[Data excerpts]
▽

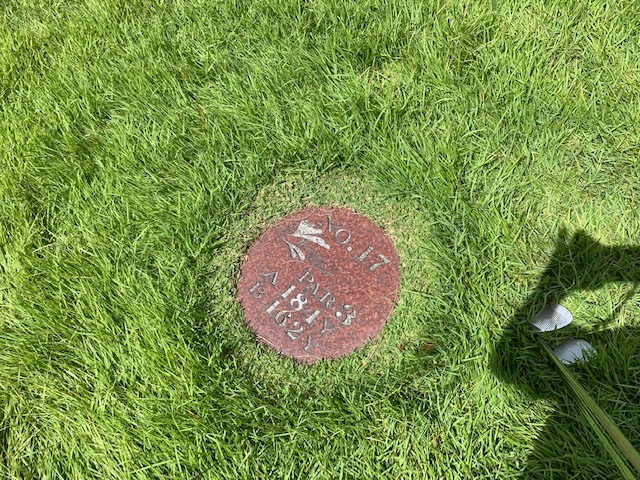 17番170yショートは、7アイアンでピン左へ。52度で転がして30センチに。ナイスパー。奥のカラーからT.YさんとS.Sさんが無難にパー。
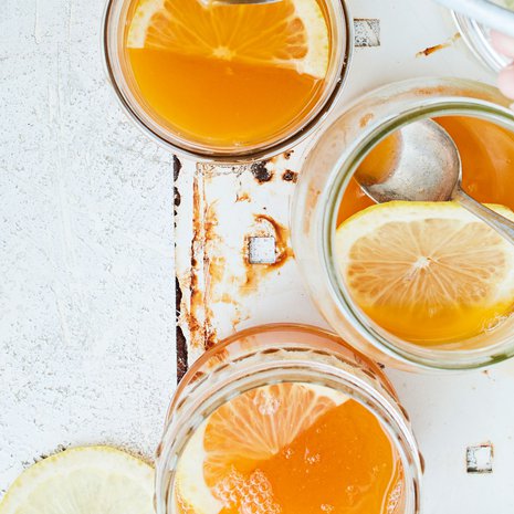 Kuori pois hillon pinnalle noussut vaahto. Purista joukkoon limen mehu ja raasta sekaan inkivääri. Sekoita tasaiseksi.
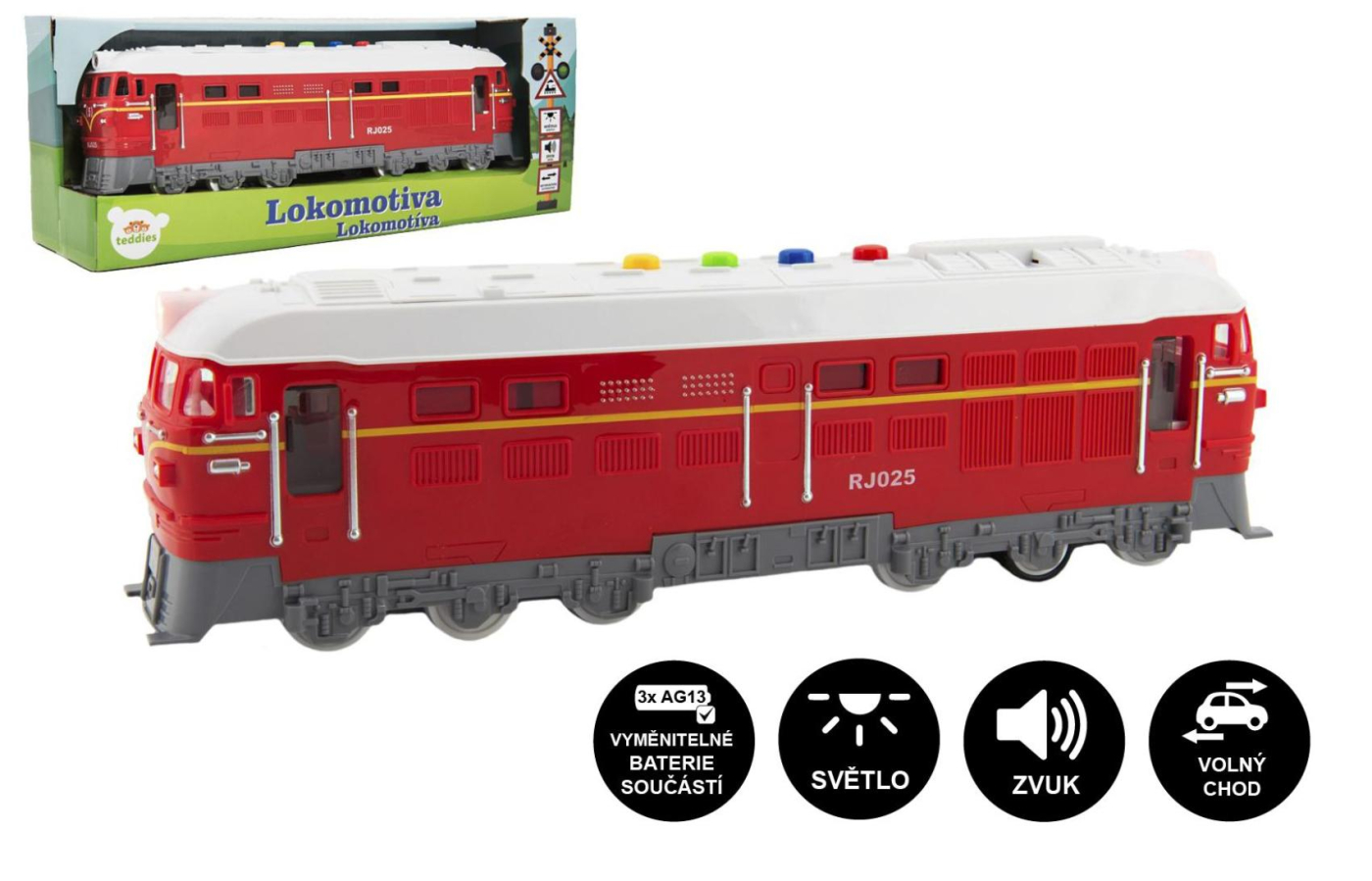 Vláčky patří k nejoblíbenějším hračkám po desítky generací. Krásná červená lokomotiva vydává klasické zvuky mašinky, svítí a jezdí na setrvačník. Skvělý tip na dárek pro malé strojvedoucí.
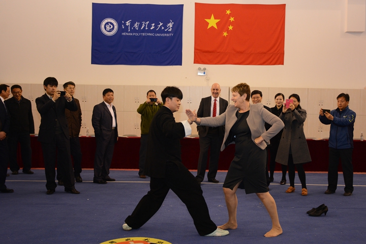 西苏格兰大学副校长简·凯与体育学院教师进行太极拳互动
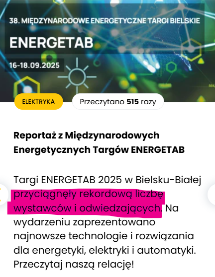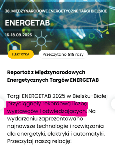 Zostałem wywołany to wtrącę moje 3 gr. Na Energetabie kiedyś bywałem. Teraz już nie. Mam raczej negatywne zdanie o tej imprezie i nie będę powtarzał jej wad. Mój zięć bywa służbowo co roku i uważa, że w obecnej formie to jest to strata czasu i pieniędzy. A rekordowymi w tym roku to one nie były, zwiedzających było mniej.
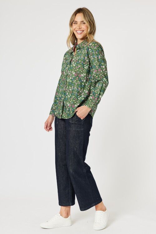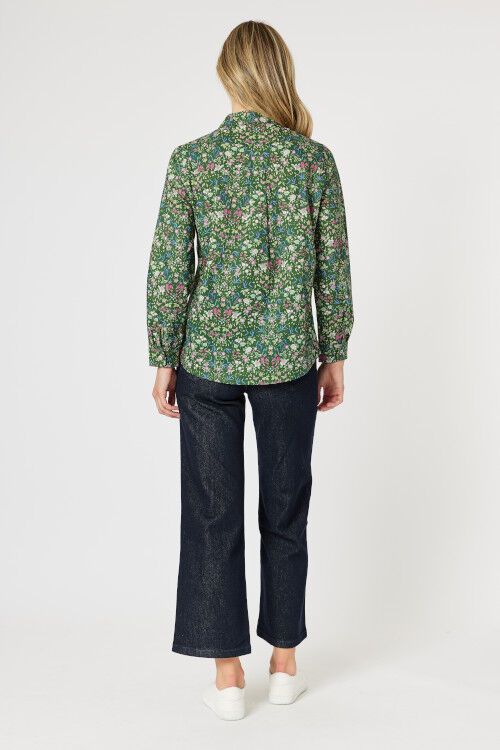 A cotton shirt in a small print is always a winner! This lovely Liberty print has an intricate pink and blue floral pattern against a khaki background. Complementary trim fabrics take it up a notch from a basic shirt. 100% cotton
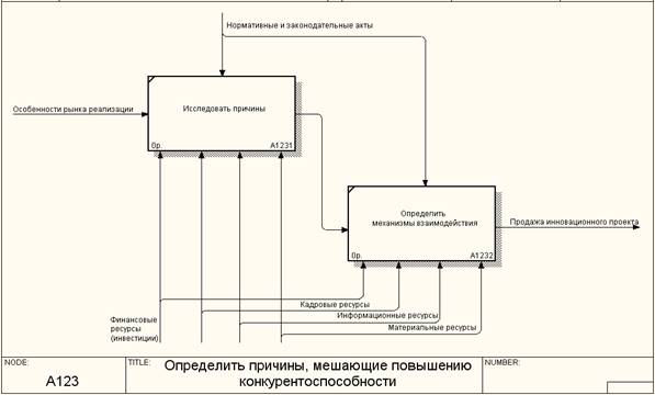 3. При поступлении особенностей рынка реализации на вход запускается функция определения причин, мешающих повышению конкурентоспособности. На выходе получаем продажу инновационного проекта.

△

• [Exercise details] With pictures excluded, the lines running from the one containing "A cotton shirt" through the last line of the records above are to be restated exactly and in full.

• [Your response]
 A cotton shirt in a small print is always a winner! This lovely Liberty print has an intricate pink and blue floral pattern against a khaki background. Complementary trim fabrics take it up a notch from a basic shirt. 100% cotton
 3. При поступлении особенностей рынка реализации на вход запускается функция определения причин, мешающих повышению конкурентоспособности. На выходе получаем продажу инновационного проекта.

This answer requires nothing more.